Knockdown of ICT1 Altered the Expression of G0/G1-Related Cell Cycle Regulators
To investigate the cause of cell cycle progression arrest, we determined the expression of cell cycle inhibitor p21 and cell cycle activator cyclin D1 using Western blot analysis. As shown in Figure 3B, the protein expression of p21 was remarkably upregulated in shICT1(S1)-infected 95D cells compared with that in NC-infected 95D cells. What’s more, the protein expression of cyclin D1 was obviously downregulated in shICT1(S1)-infected 95D cells compared with that in NC-infected 95D cells.

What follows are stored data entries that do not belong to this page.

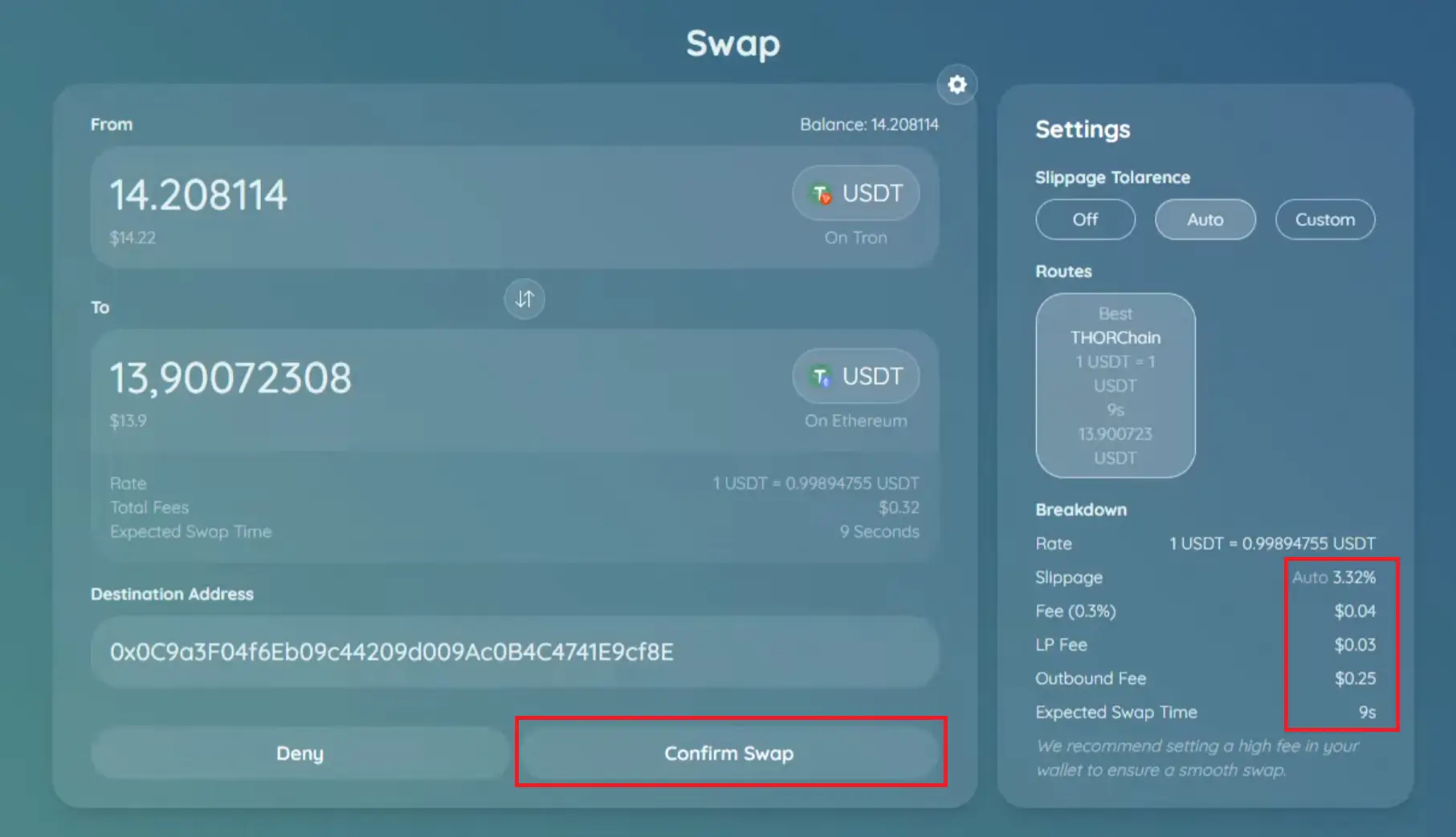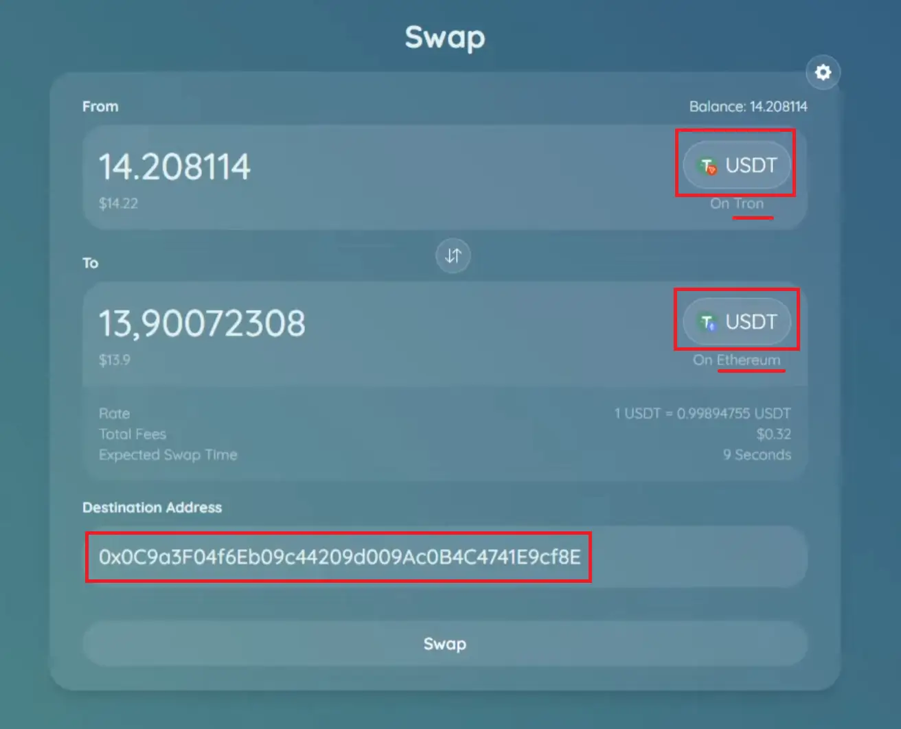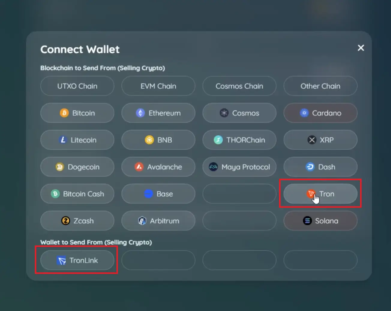 Trade Tron USDT to Ethereum USDT using TronLink Wallet
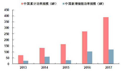 電化學(xué)儲(chǔ)能現(xiàn)總體規(guī)模占比較小,但近幾年發(fā)展迅猛。根據(jù)CNESA項(xiàng)目庫(kù)的不完全統(tǒng)計(jì),截止2017年底全球已投運(yùn)儲(chǔ)能項(xiàng)目累計(jì)裝機(jī)規(guī)模為175.4GW,抽水儲(chǔ)能占比達(dá)到96%,其次為電化學(xué)儲(chǔ)能,占比為1.7%。雖然目前電化學(xué)儲(chǔ)能占比較小,但卻是發(fā)展速度最快的儲(chǔ)能技術(shù),2012~2016年全球電化學(xué)儲(chǔ)能累計(jì)裝機(jī)量復(fù)合增長(zhǎng)率達(dá)到32%。截止2017年底全球已投運(yùn)電化學(xué)儲(chǔ)能項(xiàng)目累計(jì)功率規(guī)模為2926.6MW,新增規(guī)劃、在建的電化學(xué)儲(chǔ)能項(xiàng)目裝機(jī)規(guī)模為3063.7MW;國(guó)內(nèi)已投運(yùn)電化學(xué)儲(chǔ)能累計(jì)規(guī)模為389.8MW,新增規(guī)劃、在建裝機(jī)規(guī)模為705.3MW,預(yù)計(jì)新建項(xiàng)目的陸續(xù)投產(chǎn)將支撐電化學(xué)儲(chǔ)能維持較高增速。
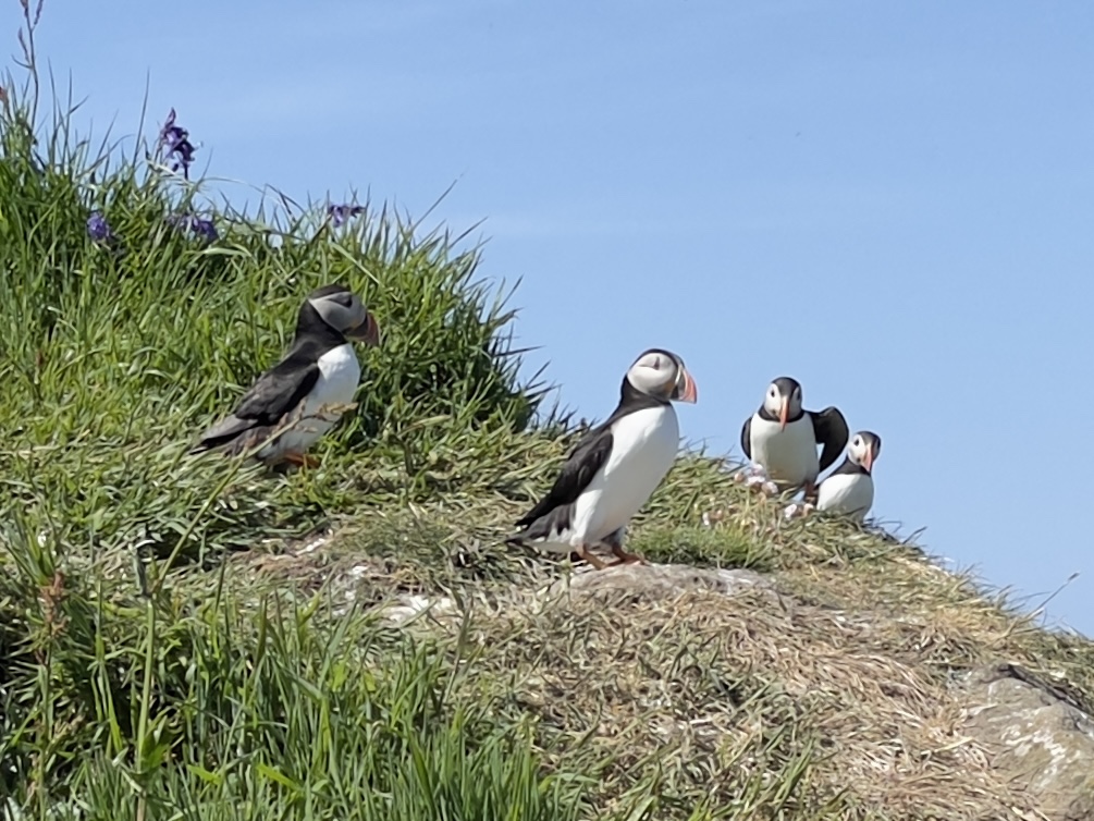 We had an early start the next morning, to visit Lunga in the Treshnish Islands whilst the weather remained calm, and before the tourist boats; we arrived, on a sunny and flat calm morning, to have the whole anchorage to ourselves, though two other yachts joined us in due course. We enjoyed our new electric outboard here, the puffins and razorbills swimming on the sea allowing us to stealthily approach within a couple of metres. On scrambling ashore – a bit of a challenge over the slippery rocks – we found thousands of nesting puffins, which again seemed quite content to allow us to be within a couple of metres. To start with, the crews of the three yachts present had the island to ourselves, but in due course, the tripper boats arrived, discharging their passengers via a clever pontoon arrangement that they drove hard onto the rocky foreshore, so that the inshore end reached over the high water mark.
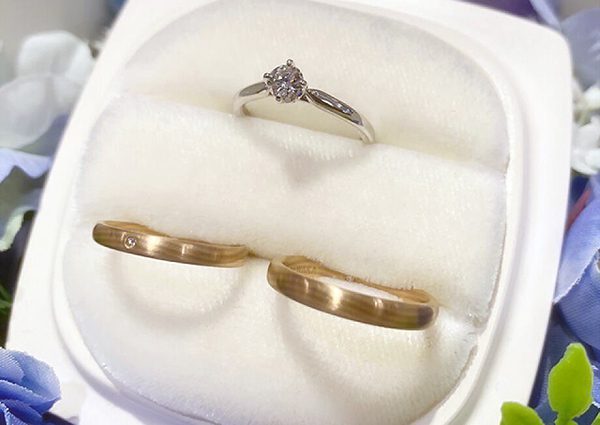 ふたつのマテリアルが溶け合うような結婚指輪の模様は、
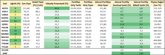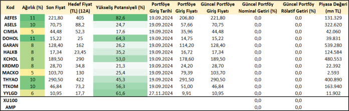 Getiri hesabında şirketlerin portföye giriş fiyatları değil, son güncelleme tarihindeki (27.11.24) fiyatları baz alınmıştır. Ayrıca güncel portföy nominal/rölatif getirisi de ağırlıklandırmalardaki değişiklikler hesaba katılarak dönemsel hesap edilmiştir.
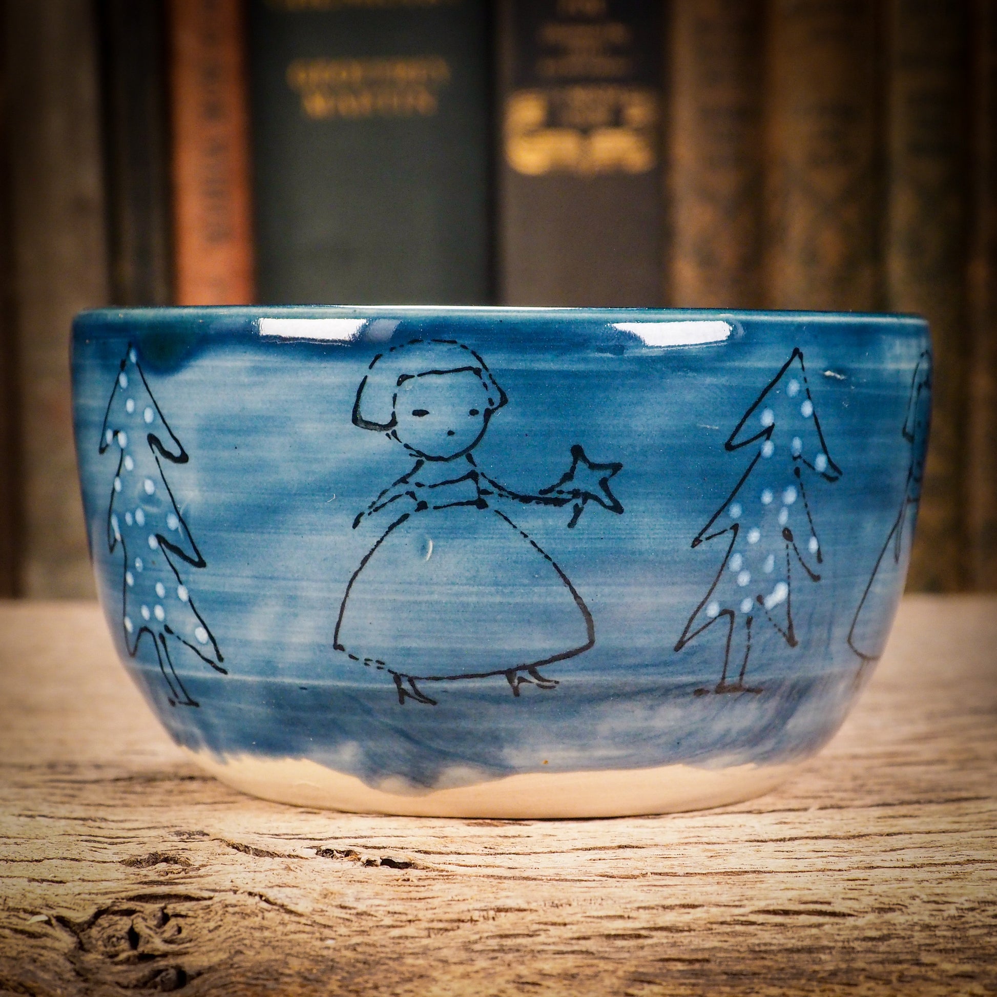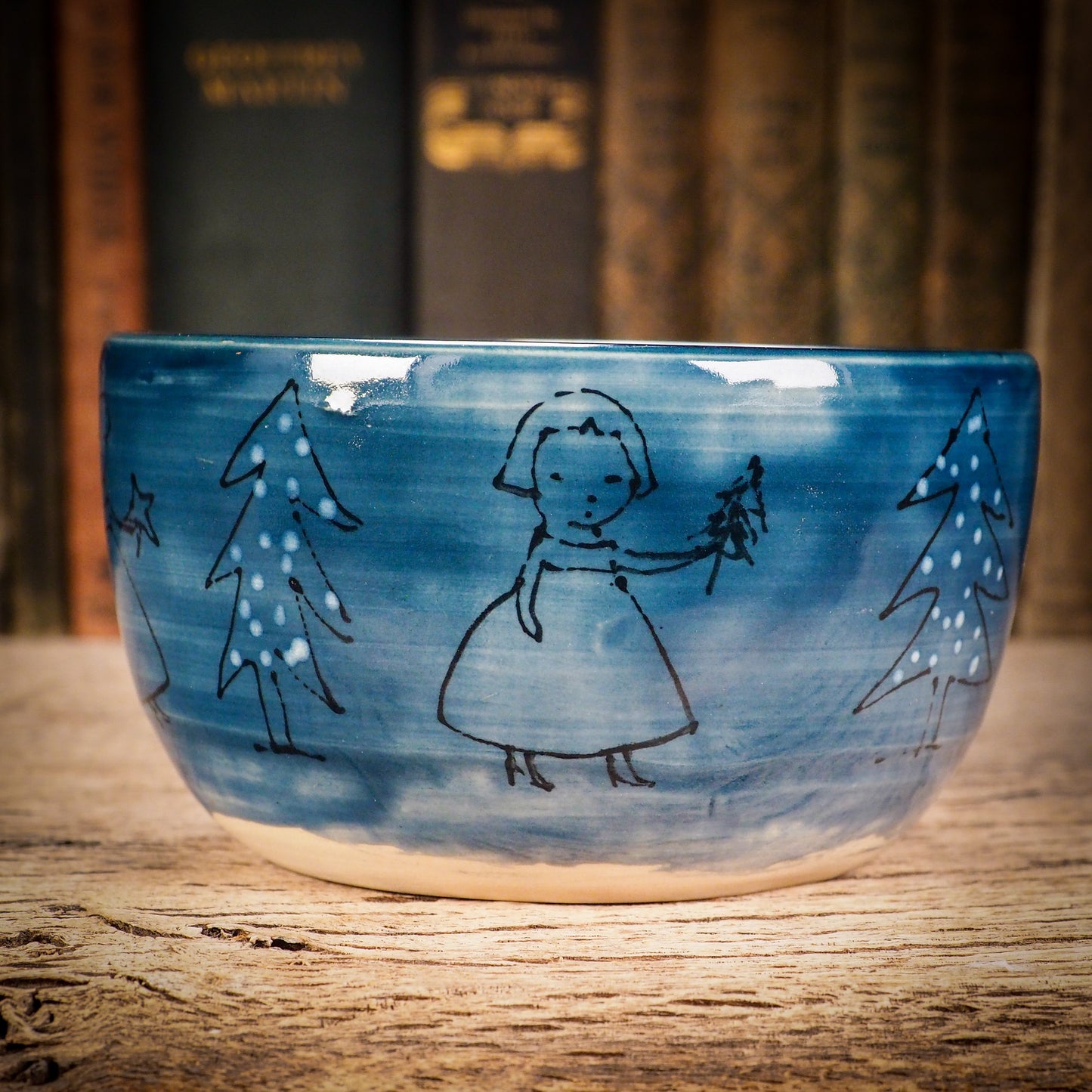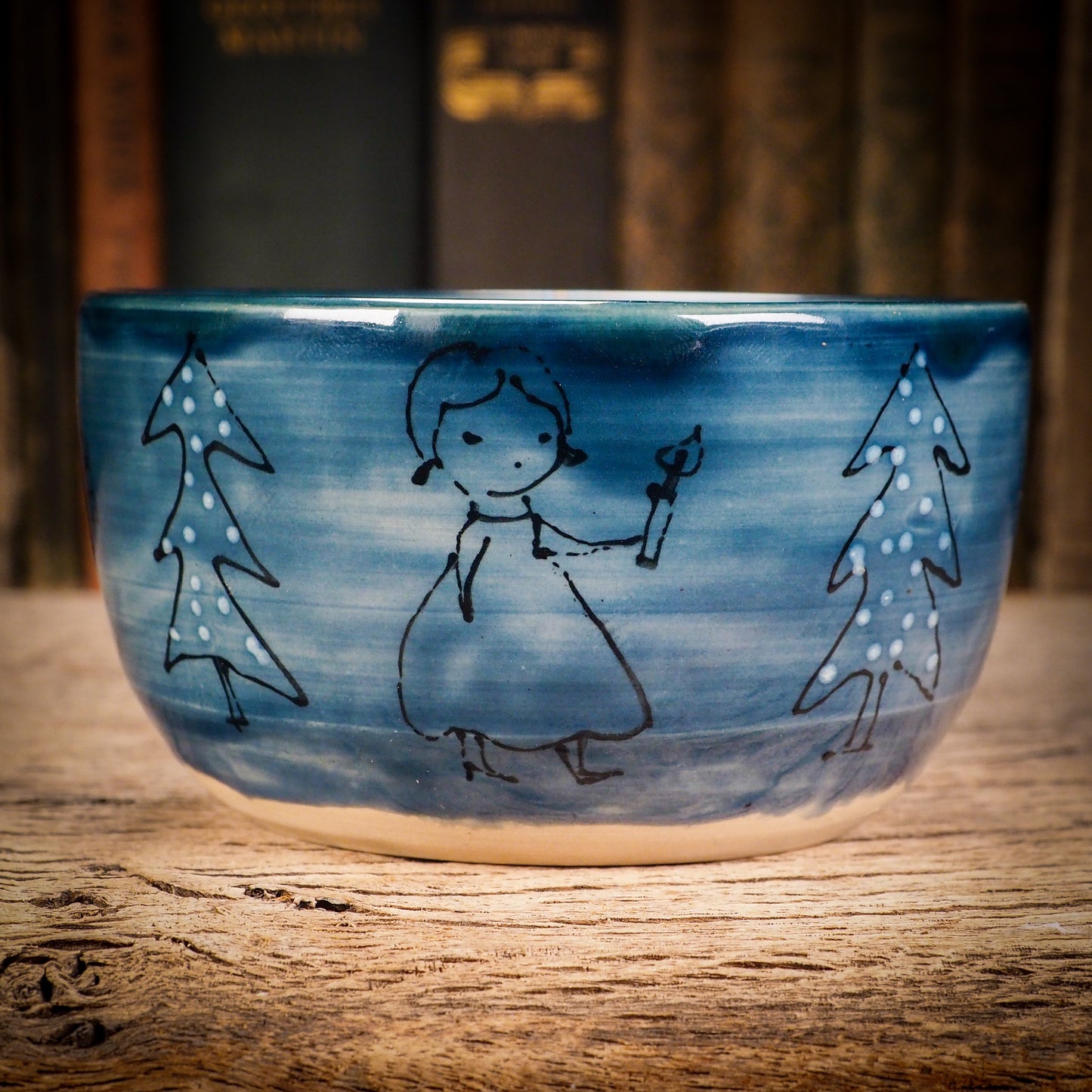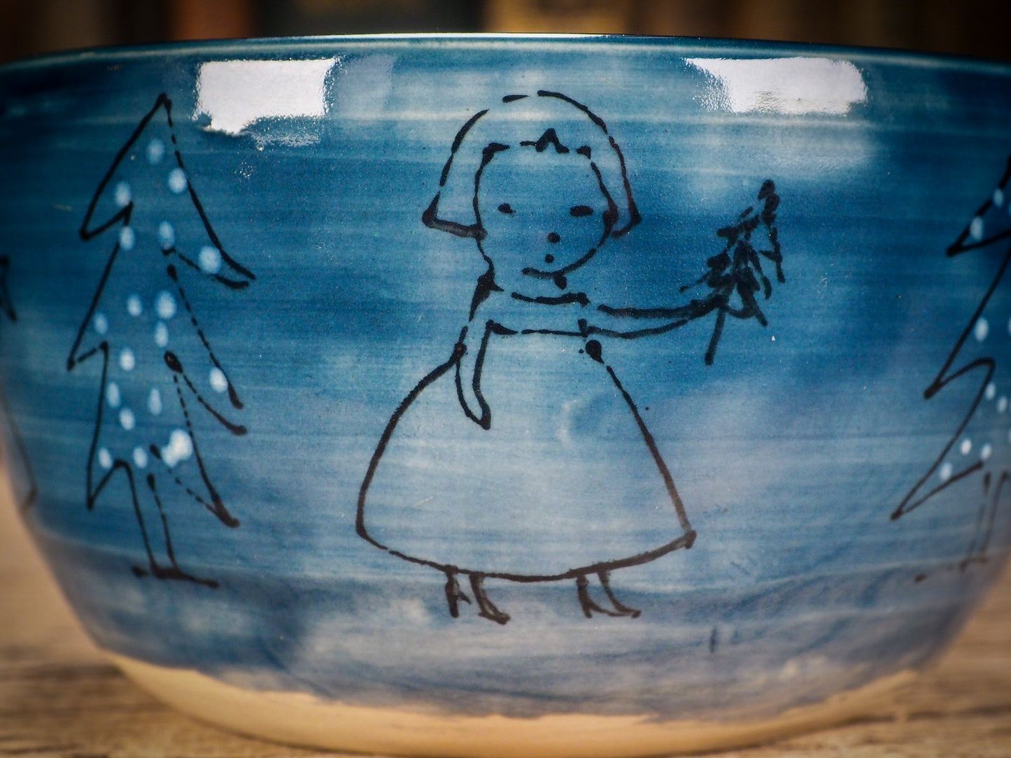 Handmade and fired in Idania’s studio, this glazed ceramic bowl measures 4.5 inches in diameter and it’s hand decorated by the artist with a wonderful winter illustration of three girls walking in the winter forest, just before Christmas.
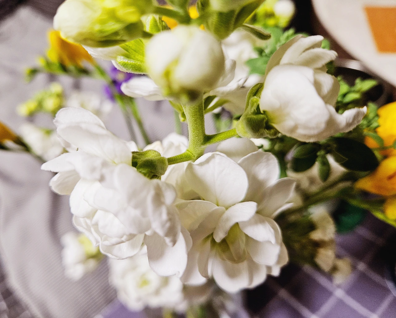후임으로 산 것은 판매 옵션이 무려 '제철 꽃다발'이라 내심 어떤 꽃들이 오려는지 몹시 궁금했다. 아는 꽃을 기다리는 것도 물론 반갑지만 이렇듯 '랜덤'을 주문해 놓고 어떤 꽃이 오는지를 기다리는 것에는 또 나름의 재미가 있는 법이다. 이번에 온 꽃은 흰색과 보라색의 스타티스와 흰 스토크, 그리고 벌써 나온 프리지아가 섞여 있었고 나름 '센터'로 거베라 한 송이가 들어 있었다.
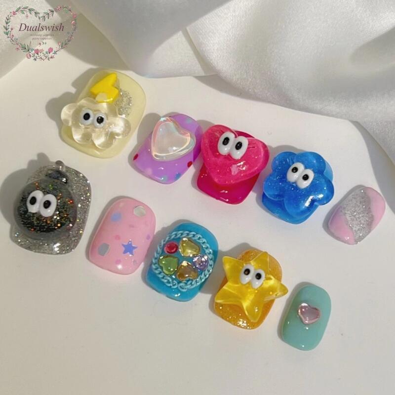 Конфеты дофамина, мультяшные милые ногти ручной работы, забавные детские забавные маленькие глазки, милые и крутые съемные украшения для ногтей
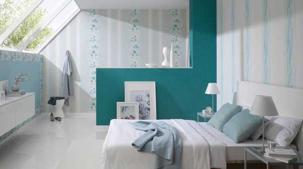 От большого количества сочного, насыщенного, бирюзового цвета в интерьере необходимо отказаться, чтобы не потерять на таком активном фоне остальные элементы, формирующие целостный образ помещения. Он может присутствовать в качестве акцентов на шторах, изголовье, в узоре обоев. Допустимо полностью сделать яркой одну из стен при условии, что остальные будут нейтральными и светлыми.
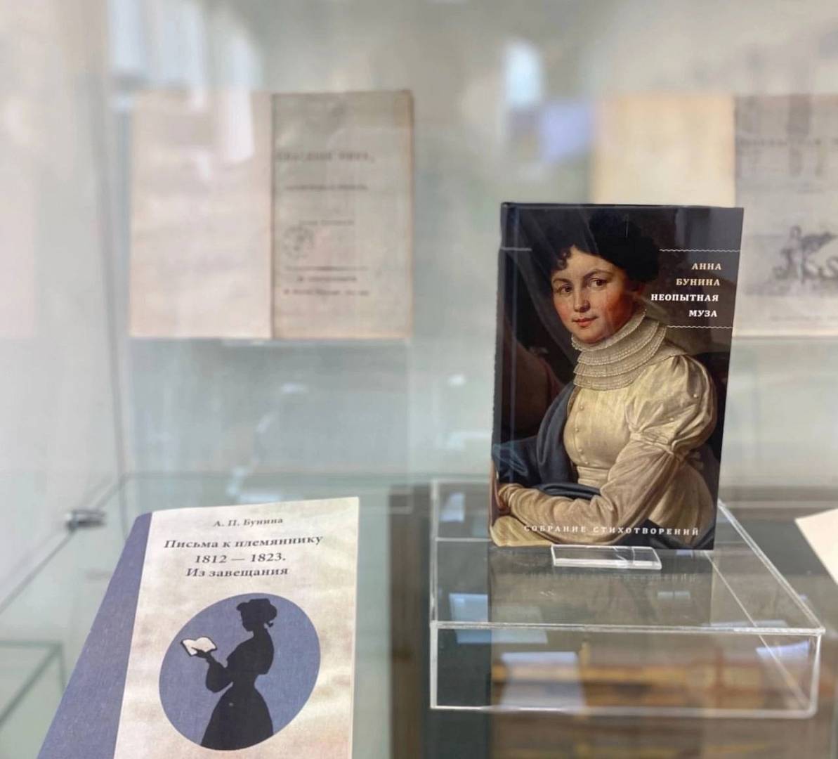 В экспозиции представлены уникальные экспонаты: сборник стихов «Неопытная муза», изданный в 1809 году, и письмо Анны Буниной писателю Вальтеру Скотту, отправленное в Шотландию. Сотрудники Рязанки привезли единственный прижизненный портрет поэтессы и воссоздали её исторический костюм, чтобы максимально передать дух эпохи.

Knockdown of ICT1 Induces Cell Apoptosis in NSCLC Cells
To further confirm the effect of ICT1 silencing on cell apoptosis, we applied annexin V-APC/7-AAD double staining in 95D and A549 cells infected with NC, shICT1(S1), and shICT1(S2) groups. As shown in Figure 5A and B, the percentage of early apoptotic cells was increased from 8.10% ± 0.35% to 15.27% ± 0.85% in shICT1(S1) group and from 8.10% ± 0.35% to 10.70% ± 0.10% in shICT1(S2) group in 95D cells in comparison with that in the NC group. Likewise, compared with the NC group, the percentage of late apoptotic cells in 95D cells was increased from 10.13% ± 1.59% to 28.90% ± 2.62% in shICT1(S1) group and from 10.13% ± 1.59% to 16.70% ± 0.95% in the shICT1(S2) group. Similar to the results in 95D cells, the cell percentage of apoptosis was observed a significant increase in the shICT1(S1) group (early apoptosis: 2.44% ± 0.33% vs 0.45% ± 0.12%, late apoptosis: 0.11% ± 0.07% vs 0.00% ± 0.01%) and shICT1(S2) group (early apoptosis: 5.31 ± 0.31% vs 0.45 ± 0.12%, late apoptosis: 1.09 ± 0.24% vs 0.00 ± 0.01%) compared with those in the NC group in A549 cells (Figure 5C and D). The aforementioned results suggested that ICT1 gene silencing could induce a strong apoptotic effect in human NSCLC cells.
Discussion
Non–small cell lung cancer is the major type of LC, with less than 15% survival rate for 5 years. Emerging evidence have suggested that some functional molecules have been thought as promising biomarkers for the diagnosis and treatment of patients with NSCLC, which are involved in cell proliferation and cell cycle control.24 Immature colon carcinoma transcript 1 has been found to be overexpressed in various kinds of cancer cells.7,25 Network analysis of gene expression by Huang et al shows that ICT1 is a potential biomarker for LC.10 However, the role of ICT1 in NSCLC cells remains unclear.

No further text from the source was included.